WebCenter Interaction 10gR3 included these lines in the release notes:

Security and SSO
• Session fixation vulnerability. (Issue #7824904)

But what does that mean? First, let’s take a look at how sessions work on the World Wide Interwebs. By their very nature, web browsers are “stateless”. This means the CLIENT (web browser) makes a request to the SERVER, gets its information (a web page or image, for example), and closes that connection. The next time it makes the request, the server has no context from the previous request. To get around this, Netscape is credited with inventing the session cookie, which basically works like this:

  1. Web browser makes request to server the first time.
  2. Server realizes no “session” exists, so it creates a “blob of memory” to reserve for that user. It then creates a “key” that it sends to the browser in the form of a cookie in its response.
  3. The next time the browser makes a request, it sends that cookie. The server reads it and maps the cookie to the “blob of memory” that can contain anything, such as the login information of the user, or that user’s shopping cart.
  4. After a period of time (usually 15 minutes), the server realizes it hasn’t heard from the client and clears that memory to conserve resources.

Generally that “key” that we mentioned above is known as the “session ID”, and it’s usually passed in a cookie. But because not all browsers support(ed) cookies, a workaround was to allow the cookie to be passed on the query string.

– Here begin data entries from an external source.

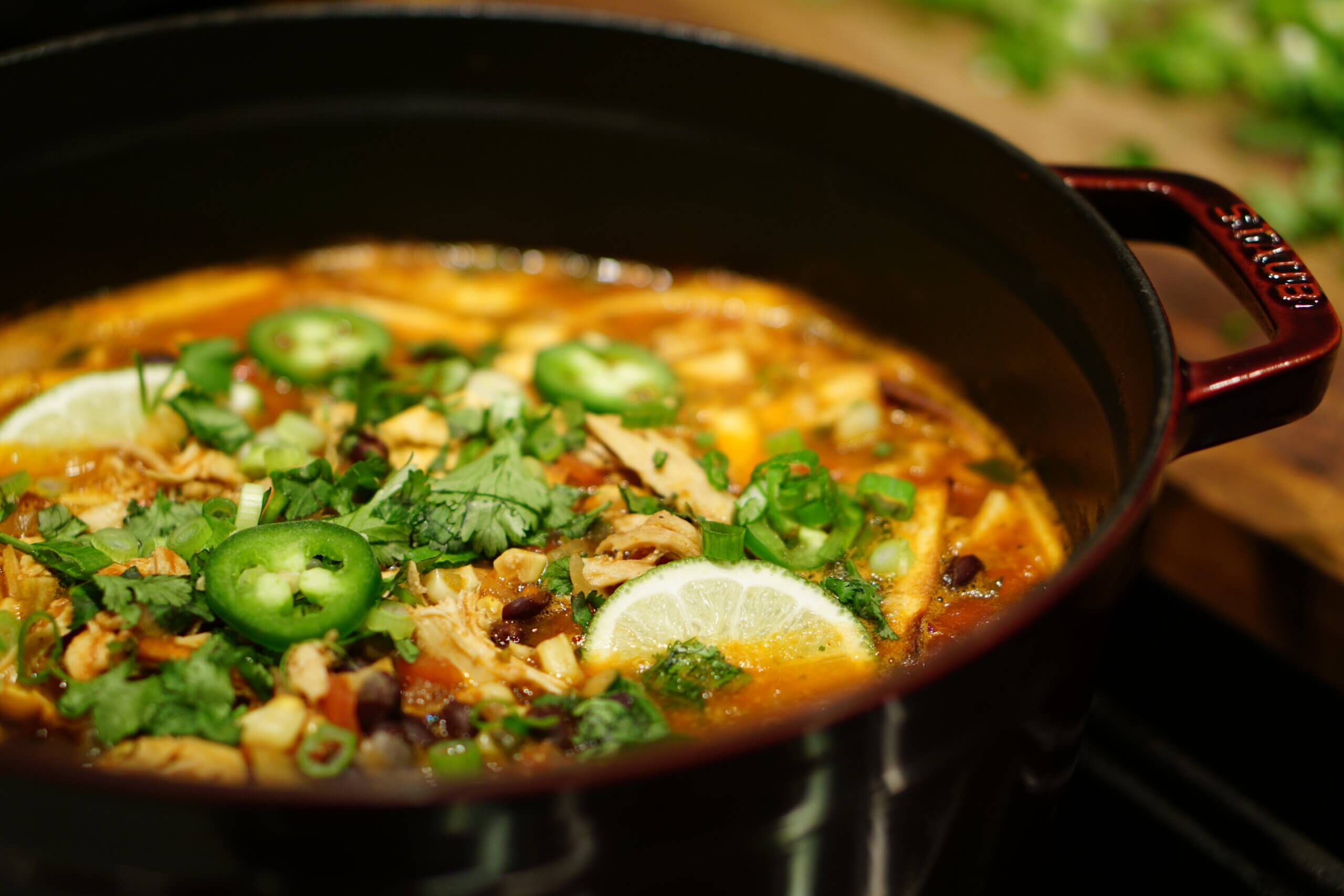Serve the soup with some tortilla strips, pieces of avocado, fresh cilantro and lime wedges.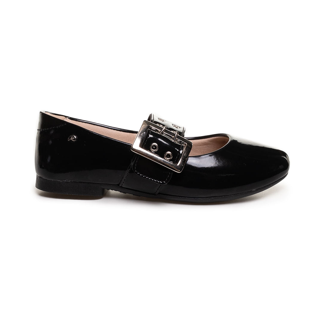 Ballet Flats Infantil em Patente Preto com Fivela da Pampili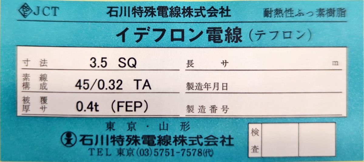 石川特殊電線の600Vふっ素樹脂絶縁電線です。【工場直送・送料無料】| 出价者 | 信用 | 价格 | 时间 |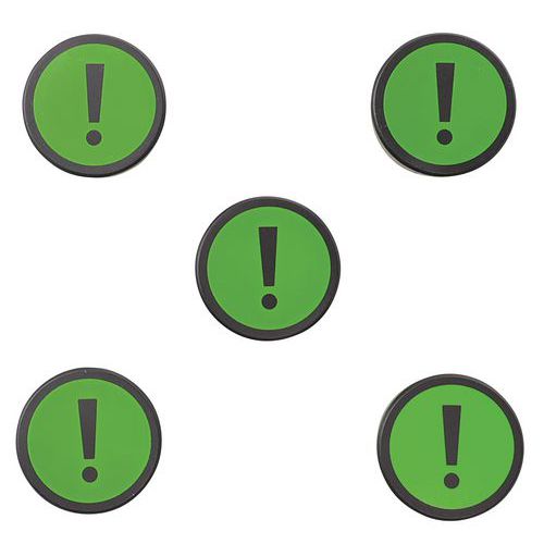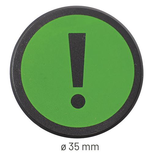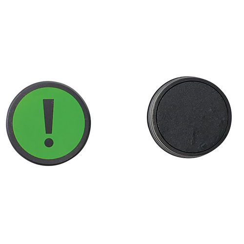 Pyöreä magneetti, jossa huutomerkki symboli, Tyyppi: Huutomerkki, Väri: Vihreä, Halkaisija: 35 mm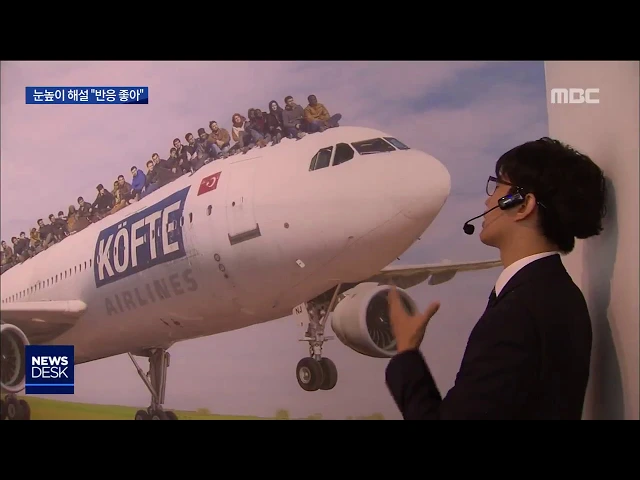 (앵커) 광주비엔날레가 개막한 이후 첫 주말을 맞아 현대미술의 축제를 즐기려는 관람객들의 발길이 이어졌습니다. 다소 난해할 수 밖에 없는 미술작품에 대해 눈높이식 해설이 좋은 반응을 얻었습니다. 이계상 기자.. (기자) 시리아의 난민들이 이륙을 준비하는 비행기 위에 앉아있습니다. 작가는 익살스러운 포스터를 통...

The problem is, if I know that session ID, I don’t even have to log into the web site you’re accessing – I can just send your cookie to that web site, and it will map my request to that “blob of memory” on the server that belongs to you – complete with your shopping cart or access to whatever private portal resources you had access to.

This is a pretty vague oversimplification, and if you’re interested, Wikipedia has decent articles on sessions and session fixation. WCI 10gR3 took additional measures to counteract the problem. Because it’s not open-source, it’s not easy to determine exactly what their solution was, but it involves clearing a session key when the user navigates away from the portal.

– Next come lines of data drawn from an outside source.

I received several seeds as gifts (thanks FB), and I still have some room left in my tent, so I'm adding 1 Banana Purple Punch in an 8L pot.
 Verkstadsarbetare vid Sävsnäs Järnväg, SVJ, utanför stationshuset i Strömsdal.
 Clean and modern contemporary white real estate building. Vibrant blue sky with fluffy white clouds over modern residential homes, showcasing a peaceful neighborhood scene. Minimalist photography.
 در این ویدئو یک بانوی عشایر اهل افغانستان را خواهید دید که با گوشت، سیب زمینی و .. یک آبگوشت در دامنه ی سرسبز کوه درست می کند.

The problem is: what if clearing the session isn’t expected behavior? I ran into this exact scenario with a client using AquaLogic User Interaction (ALUI) trying to upgrade to WebCenter Interaction 10gR3. They had a custom SSO solution that redirected the browser to a login page at another domain. The server would redirect the browser to the new URL and the user would login there. After login, the browser would redirect back, but the original session had been deleted.

Bottom line: for most Plumtree installations, the 10gR3 upgrade is more secure and feature-rich. But use caution when applying this patch when you’ve got a custom SSO solution in-place, and test well before go-live!